Photo by Rubaitul Azad on Unsplash
Cloud Composer Airflow and BigQuery External Table with Google Sheets
BigQuery has a useful feature which allows the user to create external table with data on Google Sheets. It is very convenient because BigQuery users can query the data from Google Sheets directly. However, as a data engineer, you may need to build pipelines to interact with the data from these external tables.
There are two required changes in your Cloud Composer Airflow to make it possible.

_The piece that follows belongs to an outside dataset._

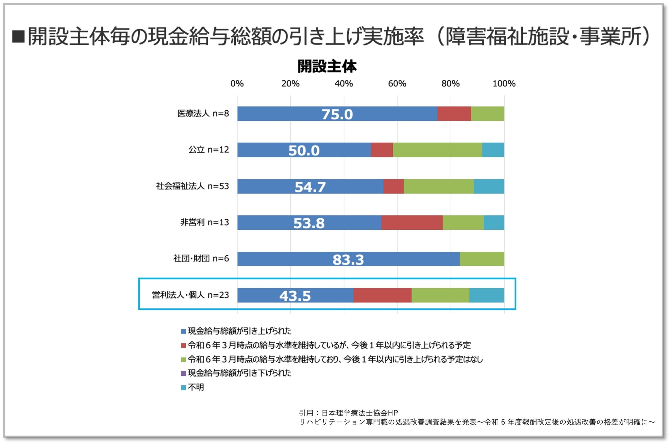 障害福祉施設・事業所は、開設主体を「営利法人・個人」とする施設において給与引き上げの実施率が43.5%と最も低値である結果が示された。

I'll show these changes in a lab.
I created a Google Sheets file that looks like this:
And created a BigQuery that links to this file:
I can query it without issue on BigQuery Console:
Now on the Airflow part, I created a DAG and uploaded it to Cloud Composer:
import datetime
from airflow import DAG
from airflow.operators.empty import EmptyOperator
from airflow.providers.google.cloud.operators.bigquery import BigQueryCheckOperator
with DAG(
dag_id="test-bigquery",
start_date=datetime.datetime(2023, 1, 1),
schedule=None,
):
DATASET = "ext"
TABLE_1 = "gsheets"
location = "US"
check_count = BigQueryCheckOperator(
task_id="check_count",
sql=f"SELECT COUNT(*) FROM {DATASET}.{TABLE_1}",
use_legacy_sql=False,
location=location,
)
On the first run, Airflow reported an issue:
Diving into the logs, I found that it is about missing Google Drive access. It makes sense because Google Sheets data is stored on Google Drive.
This error is understandable because, by default, Airflow uses google_cloud_default
Connection, which doesn't have Google Drive API scope [1]. So I added it:
(Note that you'll need to add cloud-platform
in the scope because you don't want to lose access to Google Cloud.)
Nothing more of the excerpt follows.